Bug 1810420

Summary: [4.3] "You are attempting to import a cert with the same issuer/serial as an existing cert, but that is not the same cert" on FIPS enabled cluster after upgrade
Product: OpenShift Container Platform Reporter: Maru Newby <mnewby>
Component: service-caAssignee: Maru Newby <mnewby>
Status: CLOSED ERRATA QA Contact: scheng
Severity: urgent Docs Contact:
Priority: urgent    
Version: 4.3.0CC: aos-bugs, juzhao, liyao, lmohanty, mfojtik, mnewby, slaznick, wking, wsun
Target Milestone: ---Keywords: Regression, Upgrades
Target Release: 4.3.z   
Hardware: Unspecified   
OS: Unspecified   
Whiteboard:
Fixed In Version: Doc Type: If docs needed, set a value
Doc Text:
Story Points: ---
Clone Of: 1810418
: 1810421 (view as bug list) Environment:
Last Closed: 2020-03-24 14:34:26 UTC Type: ---
Regression: --- Mount Type: ---
Documentation: --- CRM:
Verified Versions: Category: ---
oVirt Team: --- RHEL 7.3 requirements from Atomic Host:
Cloudforms Team: --- Target Upstream Version:
Embargoed:
Bug Depends On: 1810418    
Bug Blocks: 1810421    

Comment 1 Lalatendu Mohanty 2020-03-18 14:31:13 UTC
We're asking the following questions to evaluate whether or not this bug warrants blocking an upgrade edge from either the previous X.Y or X.Y.Z. The ultimate goal is to avoid delivering an update which introduces new risk or reduces cluster functionality in any way. Sample answers are provided to give more context the UpgradeBlocker flag has been added to this bug. It will be removed if the assessment indicates that this should not block upgrade edges.

Who is impacted?
  Customers upgrading from 4.2.99 to 4.3.z running on GCP with thousands of namespaces, approximately 5% of the subscribed fleet
  All customers upgrading from 4.2.z to 4.3.z fail approximately 10% of the time
What is the impact?
  Up to 2 minute disruption in edge routing
  Up to 90seconds of API downtime
  etcd loses quorum and you have to restore from backup
How involved is remediation?
  Issue resolves itself after five minutes
  Admin uses oc to fix things
  Admin must SSH to hosts, restore from backups, or other non standard admin activities
Is this a regression?
  No, it’s always been like this we just never noticed
  Yes, from 4.2.z and 4.3.1

Depending on the answers to the above questions we can remove UpgradeBlocker keyword.

Comment 2 Michal Fojtik 2020-03-18 15:33:05 UTC
Who is impacted?
  All customers upgrading from to 4.3.5 that run workloads which use service-ca for certs.
  All customers that install fresh 4.3.5 cluster will be affected on rotation after 13 months if they don't upgrade.

What is the impact?
  All workloads that use non-golang SSL network clients which use service-ca to communicate with platform or between each-other (eg. curl). 

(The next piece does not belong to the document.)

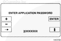 按下正號(+)和負(fù)號(-)按鈕選擇密碼的第一個字符。輸入應(yīng)用程序密碼設(shè)置子菜單,或輸入用戶密碼調(diào)整子菜單。

How involved is remediation?
  Manual rotation of service-ca will fix the cluster for the next rotation (13 months).

Is this a regression?
  Yes, this was introduced as part of the automated service-ca rotation and released on March 10 in 4.3.5.

Comment 3 Michal Fojtik 2020-03-18 15:34:48 UTC
>  All customers upgrading from to 4.3.5 that run workloads which use service-ca for certs.

s/from//

Comment 4 Lalatendu Mohanty 2020-03-18 15:35:27 UTC
(In reply to Michal Fojtik from comment #2)

> How involved is remediation?
>   Manual rotation of service-ca will fix the cluster for the next rotation
> (13 months).

Can you please add the step for manual workaround. It would be useful for CEE

Comment 5 Michal Fojtik 2020-03-18 15:38:26 UTC
> Can you please add the step for manual workaround. It would be useful for CEE


https://docs.openshift.com/container-platform/4.3/authentication/certificates/service-serving-certificate.html#manually-rotate-service-ca_service-serving-certificate

Comment 9 errata-xmlrpc 2020-03-24 14:34:26 UTC
Since the problem described in this bug report should be
resolved in a recent advisory, it has been closed with a
resolution of ERRATA.

For information on the advisory, and where to find the updated
files, follow the link below.

If the solution does not work for you, open a new bug report.

https://access.redhat.com/errata/RHBA-2020:0858

Comment 10 W. Trevor King 2021-04-05 17:46:35 UTC
Removing UpgradeBlocker from this older bug, to remove it from the suspect queue described in [1].  If you feel like this bug still needs to be a suspect, please add keyword again.

[1]: https://github.com/openshift/enhancements/pull/475